Here's an example flow for an SMS MO (mobile originated) + SMS MT (mobile terminated) scenario with a fake 123 charge free short code:

  • As the payment provider will be "talking" with the short code application for 123, the first step should be start observing the messages coming from that number. This is done via mozDirectBilling.observeSilentSms('123', onmessage);, where onmessage is the callback that will handle the reception of an SMS coming from 123.
  • Once it is ready to handle messages from 123, the payment provider requests to send an SMS via var req = mozDirectBilling.sendSilentSms('123', uuid);. Where uuid is a variable containing the body of the SMS. It is recommendable to send a generated unique ID (uuid) as the message body, that will need to be sent back by the short code application, so the payment provider can match each send with its corresponding reply. The payment provider will need to keep track of these uuids and remove them as soon as a matching reply is received or after a timeout or send failure. The req variable returned by sendSilentSms is an instance of DOMRequest and allows the payment provider to check if the SMS is successfully sent or not.
  • The message sent in the previous step is received by the short code application (on the carrier's side), which identifies the user as the sender of the SMS. The short code application sends back a message containing the uuid to the number of the sender of the previous message.
  • The message sent by the short code application is intercepted by the payment provider and handled within the callback given to mozDirectBilling.observeSilentSms in the first step. If the uuid is correct, the payment provider knows that the user is properly authenticated by the carrier side and so it can continue with the payment process.
  • At this point, the payment provider should do its clean up for the uuid identifying the authentication flow. It can also call mozDirectBilling.removeSilentSmsObserver, but as mentioned above, it is not mandatory.
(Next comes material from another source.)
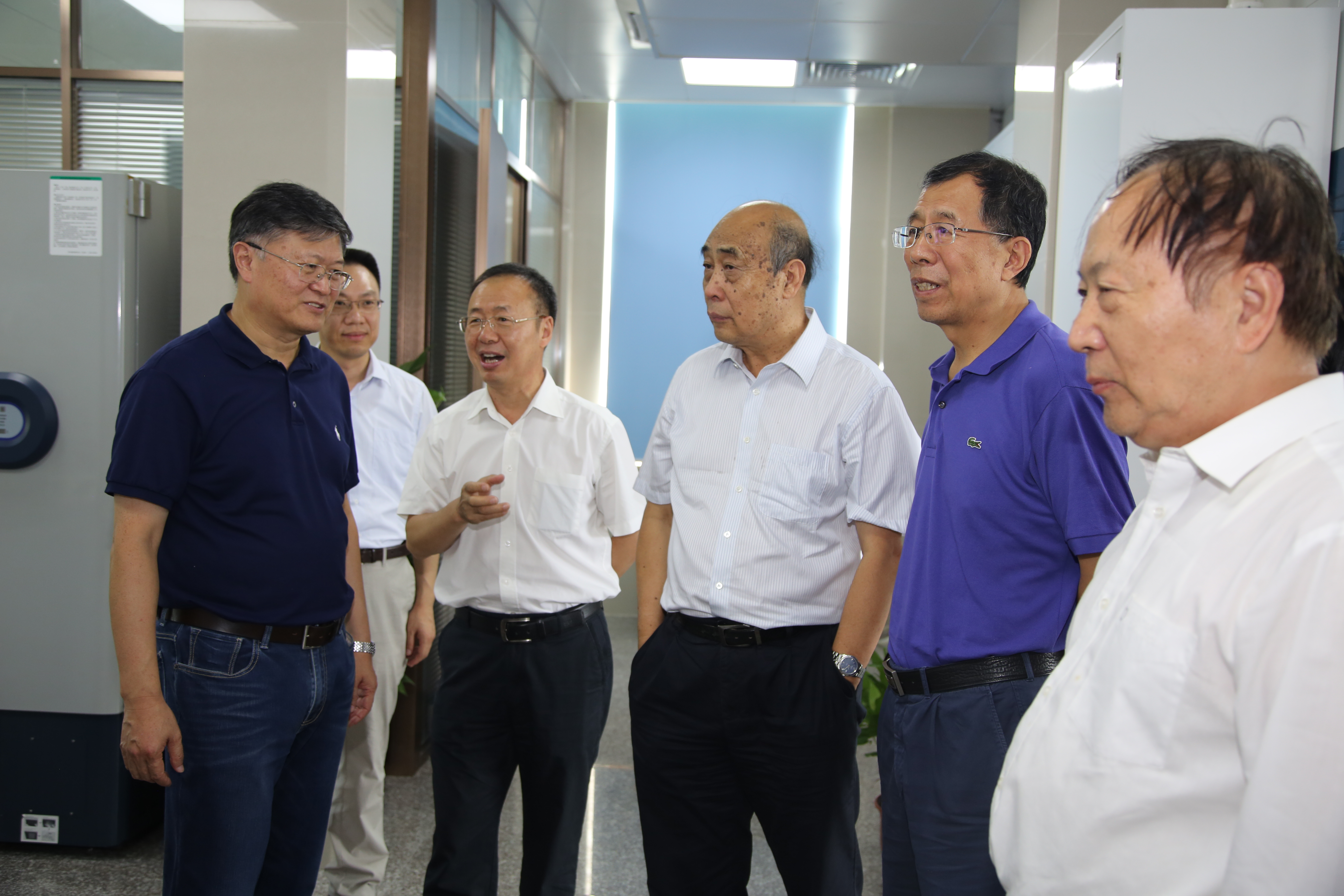 院士专家参观实验室 田禾院士向与会专家介绍了项目五年的总体进展情况。田禾指出,在各主管部门和领导的关心和支持下,在承担单位和项目研究人员的共同努力下,项目总体进展顺利。经过五年的辛勤工作,整个973团队在高水平论文的发表及临床应用等各个方面取得了丰硕的成果。另外,团队成员还成功申报国家基金委创新群体2个、国家杰青2人、优青5人。随后,项目四个课题分别对课题的定位及总体目标、计划及完成情况、重要研究进展与创新性、已取得的研究成果、人才培养与合作交流、存在的问题及今后研究思路等内容进行了汇报,并针对专家提问进行了答辩。 会议讨论阶段,项目责任专家张玉奎院士对项目开展五年来所取得的科研成果给予了充分的肯定,并对项目实施过程中的一些关键问题作了指导。专家组对课题工作状态和研究前景进行了认真的讨论评议,对项目所取得的进展给予了高度的评价并提出了许多宝贵的建议。专家们认为,该项目取得了一系列令人鼓舞的成果,并取得了该领域若干重大突破。最后,首席科学家田禾院士总结凝练了专家们提出的咨询意见,并反馈至各课题,然后对四个课题结题报告提出修改意见,强调此次结题验收是下一个重大课题研究的重要起点,我们的相关科学研究应当进一步推动生命健康领域的发展。 | ||

An SMS MO (mobile originated) only flow is quite simpler and only requires a call to mozDirectBilling.sendSilentSms.

mozDirectBilling.iccIds example

A payment provider typically sets up direct billing with SMS. After it's set up the provider can enable payments over WiFi by storing a cookie on device. The iccIds can be used to know when a SIM card is swapped so that the cookie can be deleted.

mozDirectBilling.mcc and mozDirectBilling.mnc example

In order to show the user a correct price for their region, the payment provider can use the mcc and mnc codes. These codes can also be used to enable/disable specific regions when payments are not supported or still in development.